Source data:
:::::

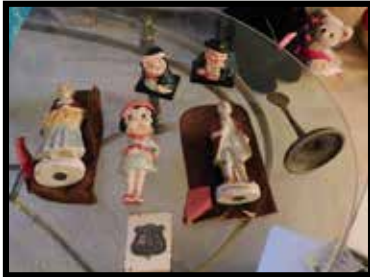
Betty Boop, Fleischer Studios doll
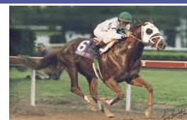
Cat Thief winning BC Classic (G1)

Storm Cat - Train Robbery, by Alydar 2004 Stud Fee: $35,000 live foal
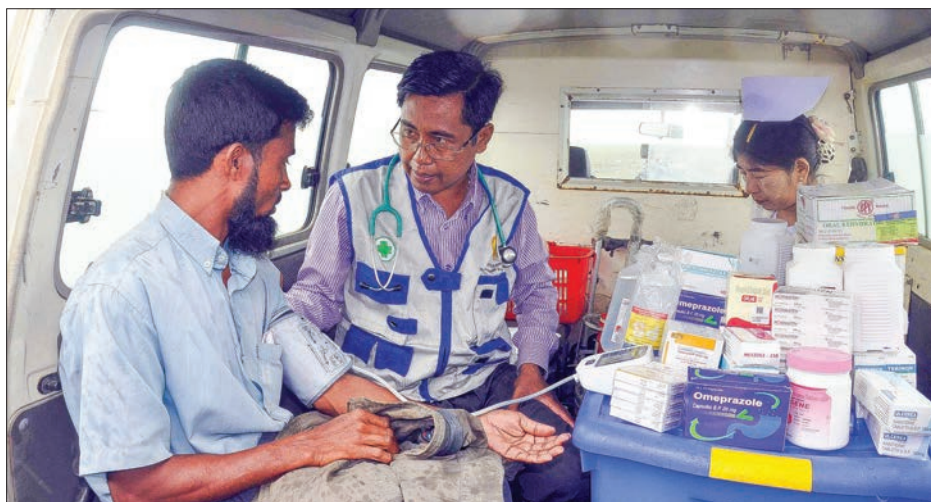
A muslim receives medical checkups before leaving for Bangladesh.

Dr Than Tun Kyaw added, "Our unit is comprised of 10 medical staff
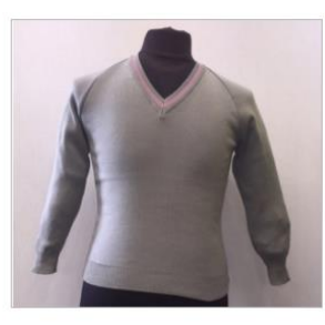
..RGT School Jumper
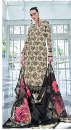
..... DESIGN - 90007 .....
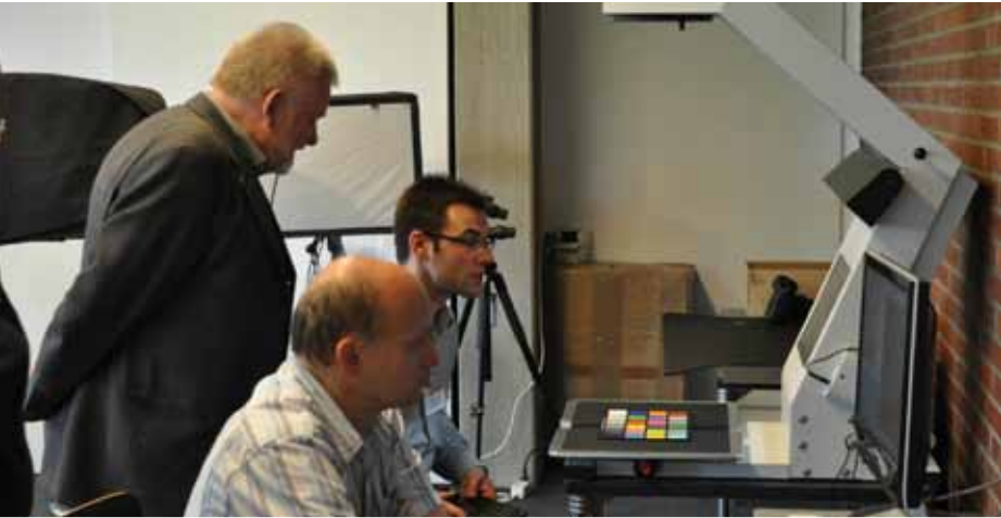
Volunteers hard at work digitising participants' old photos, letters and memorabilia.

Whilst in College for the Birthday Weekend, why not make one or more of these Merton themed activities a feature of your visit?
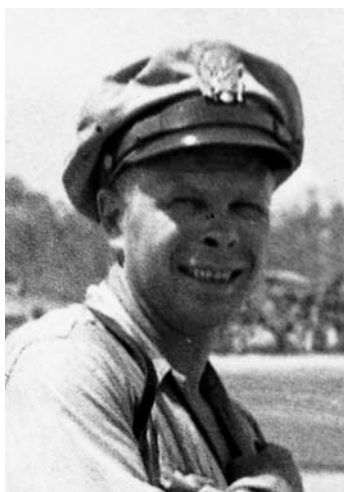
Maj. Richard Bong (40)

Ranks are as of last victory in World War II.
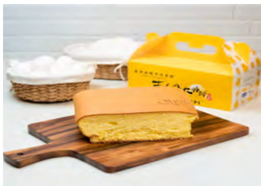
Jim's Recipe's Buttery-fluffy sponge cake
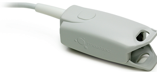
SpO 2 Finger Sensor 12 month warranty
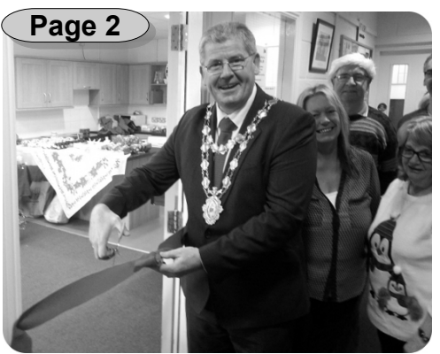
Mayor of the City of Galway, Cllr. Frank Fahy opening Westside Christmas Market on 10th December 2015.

:::::

> [What you have to do]: The count of lines above that include the string "medical" is the sole expected answer.

> [Response]: 2